Schmerzhafte Phänomene können über Wochen oder sogar Monate zunehmen, wonach das stationäre Stadium einsetzt. Bei angemessener Behandlung beginnt das Stadium der umgekehrten Entwicklung der Krankheit..

Diagnose

Die Diagnose einer alkoholischen Polyneuropathie basiert auf:

  • Das Krankheitsbild der Krankheit. Diagnosekriterien sind fortschreitende Muskelschwäche in mehr als einem Glied, relative Symmetrie der Läsionen, Vorhandensein von Sehnenflexie, sensorische Störungen, eine rasche Zunahme der Symptome und das Aufhören ihrer Entwicklung in der 4. Krankheitswoche.
  • Elektroneuromyographiedaten, die Anzeichen einer axonalen Degeneration und Zerstörung der Myelinscheide erkennen können.
  • Labormethoden. Beinhaltet die Analyse der Liquor cerebrospinalis und die Biopsie der Nervenfasern, um eine diabetische und urämische Polyneuropathie auszuschließen.
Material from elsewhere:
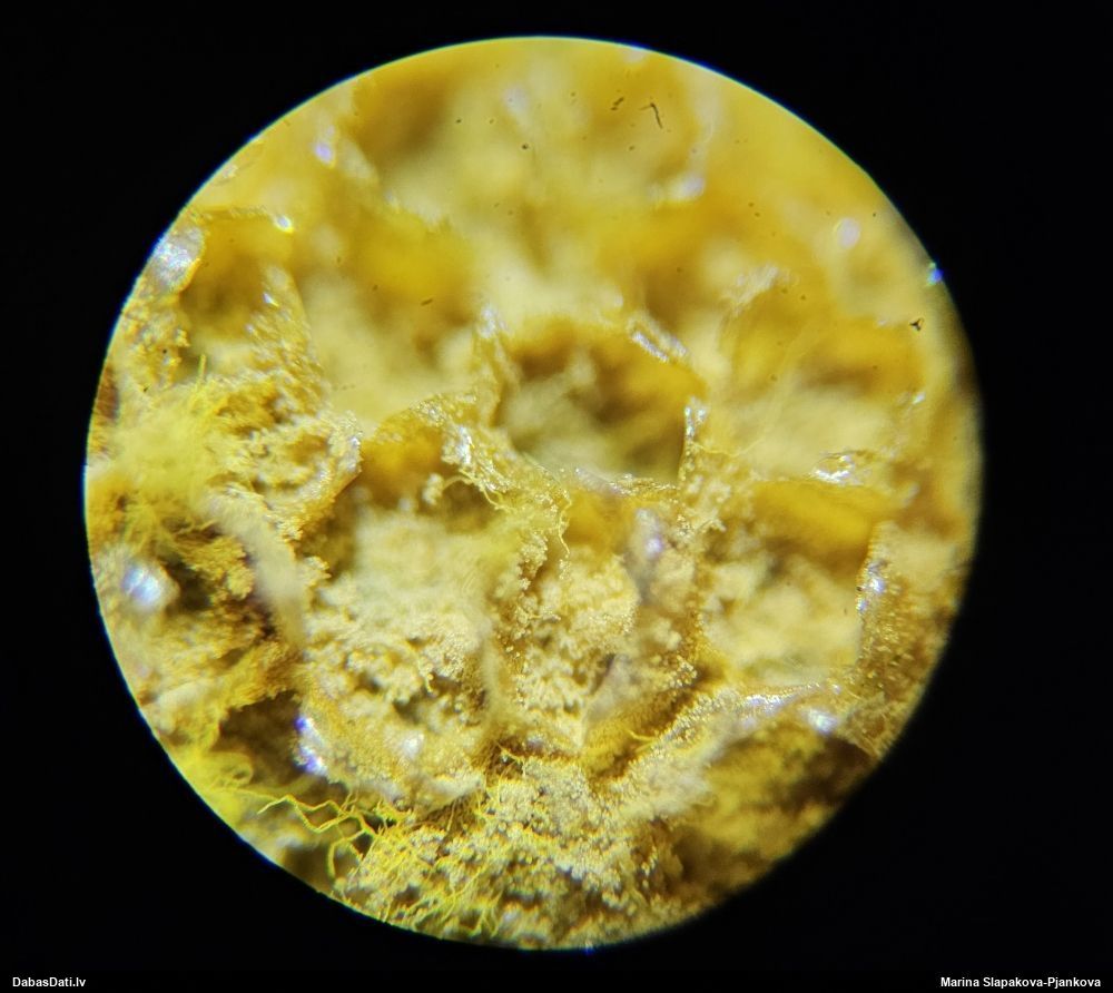 Paldies, Raivo! Ar acu gaišumu man arvien sliktāk, bet mikroskops palīdz. Jā, gribēju teikt, ka paraugam, ja vien nav kāda jutīga atradne, kurai drīkst ievākt tikai mazu gabaliņu, vērts ievākt lielāku gabalu, jo gļotsēnēm patīk kompānija. Un mikroskopa mazajos palielinājumos ar sānu papildus apgaismojumu ir vērts rūpīgi "izstaigāt" visu paraugu. Arī ķērpjus un interesantas sīksēnītes tā var atrast, ko dabā nepamanītu. Ar kriksītēm ir dažādi - pirmās es tā arī tikai citu sugu paraugos pamanīju, bet vēlāk redzēju arī dabā kriskīšu plantācijas - ja to ir daudz, tad var pamanīt jau dabā. Uz sūnām gan ir ekstrēms gadījums, dabā droši nepamanītu, arī eksemplāra noņemšana no sūnas nebija pārāk veiksmīga, tāpēc par noteikšanu mazliet šaubos (sporām mazliet cits tonis). Bet pagaidām citas hipotēzes nav (un konkrētā eksemplāra arī vairs ne).

In zweifelhaften Fällen werden MRT und CT durchgeführt, um andere Krankheiten auszuschließen.

Behandlung

Die Behandlung der alkoholischen Polyneuropathie der unteren Extremitäten umfasst:

  • Vollständige Ablehnung von Alkohol und guter Ernährung.
  • Physiotherapieverfahren, bestehend aus der elektrischen Stimulation von Nervenfasern und Rückenmark. Magnetfeldtherapie und Akupunktur werden ebenfalls eingesetzt..
  • Physiotherapie und Massage zur Wiederherstellung des Muskeltonus.
  • Arzneimittelbehandlung.

Bei der medikamentösen Behandlung wird Folgendes verschrieben:

  • B-Vitamine (intravenös oder intramuskulär), Vitamin C;
  • Verbesserung der Mikrozirkulation von Pentoxifyllin oder Cytoflavin;
  • Antihypoxide, die die Sauerstoffverwertung verbessern und die Beständigkeit gegen Sauerstoffmangel erhöhen (Actovegin);
  • Neuromedin, das die neuromuskuläre Leitfähigkeit verbessert;
  • Schmerzlinderung - entzündungshemmende nichtsteroidale Medikamente (Diclofenac), Antidepressiva, Antiepileptika;
  • anhaltende sensorische und Bewegungsstörungen zu beseitigen - Anticholinesterase-Medikamente;
  • cerebrale Ganglioside und Nukleotidpräparate verbessern die Erregbarkeit von Nervenfasern.

Bei toxischen Leberschäden werden Hepatoprotektoren eingesetzt.

Die symptomatische Therapie wird verwendet, um autonome Störungen zu korrigieren.